The Dockerfile is also provided here for users to tweak and create their own customized containers for the app.

Running

You will need to create your own .env file which contains some configuration variables that need to be set. Just an example below:

SECRET_KEY = 52cb883e323b48d78a0a36e8e951ba4a
SQLALCHEMY_DATABASE_URI = 'sqlite:///'
SQLALCHEMY_TRACK_MODIFICATIONS = False
LOG_TO_STDOUT = <Path to store log files>
MAIL_SERVER = localhost
MAIL_PORT = 587
MAIL_USE_TLS = 1
MAIL_USERNAME = <username>
MAIL_PASSWORD = <password>
ADMINS = ['your-email@example.com']

SECRET_KEY is generally user-defined. The SECRET_KEY configuration variable is an important part in most Flask applications. Flask and some of its extensions use the value of the secret key as a cryptographic key, useful to generate signatures or tokens. The Flask-WTF extension uses it to protect web forms against a nasty attack called Cross-Site Request Forgery. As its name implies, the secret key is supposed to be secret, as the strength of the tokens and signatures generated with it depends on no person outside of the trusted maintainers of the application knowing it. To generate a random string for SECRET_KEY, you can use the following command:

python3 -c "import uuid; print(uuid.uuid4().hex)"

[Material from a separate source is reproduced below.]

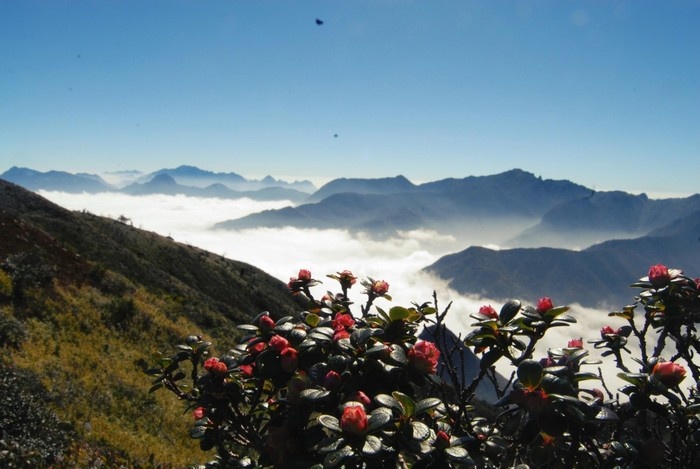 Càng lên cao, con đường chinh phục lại càng trở nên gian nan, tần suất vượt núi cao, leo dốc đá dựng đứng đầy rêu phủ lại càng tăng, thậm chí có những lúc phải băng rừng lội suối trong cái lạnh thấu xương hay phải cắm lều và ngủ trong khí trời xấp xỉ 0 độ C.

Flask needs to be told how to import it, by setting the FLASK_APP environment variable:

(textannoenv) $ export FLASK_APP=annotator_app.py

If you are using Microsoft Windows, use set instead of export in the command above.

You can run the app with the following command:

(textannoenv) $ flask run

Open up your web browser and enter the following URL in the address field:

http://localhost:5000/

Some mock data is found in the main folder for you to test out.

If you are running the Docker container, simply run the following command at the terminal: docker run --name text-annotator -p 8000:5000 -e SECRET_KEY=<your-defined-key> -e MAIL_SERVER=<email-server> -e MAIL_PORT=<email-port> -e MAIL_USE_TLS=true -e MAIL_USERNAME=<email-username> -e MAIL_PASSWORD=<email-password> -e ADMINS=<email-for-text-annotator> bademiya21/annotator_app where the variable enclosed in <> are defined by the person deploying the container.

Deployment in Server Environment

TO BE ADDED

Key Features

  • User-registration system in-built for security
  • Allows registered user to upload .csv or Excel files and view samples of the data. Do make sure that the encoding of the csv file is in the UTF-8 format.
  • Users can select one column of interest to create label for this column. Only one label can be tagged per row.
  • A separate .csv file is created with the results of the labelling. This file is written to each time you label one row.
  • You have the option to add more labels as you progress.
  • If you close the program and start labelling again later, ensure that the data file and username are identical to before, and you should be able to continue from where you last stopped
  • Once the entire data has been labelled, the user will be presented with links to download the labelled data and to delete all files (original and labelled) from the server. Remember to download first before deleting the files!

Known Issues

In some cases, there are issues with reading csv files that have the wrong encoding. It expects files to be 'UTF-8' encoded.

Your session may also end if you do not use the program for a while, and you'll need to upload the file again.

Note

Please feel free to contribute to this project, and let me know if there are bugs or feature requests.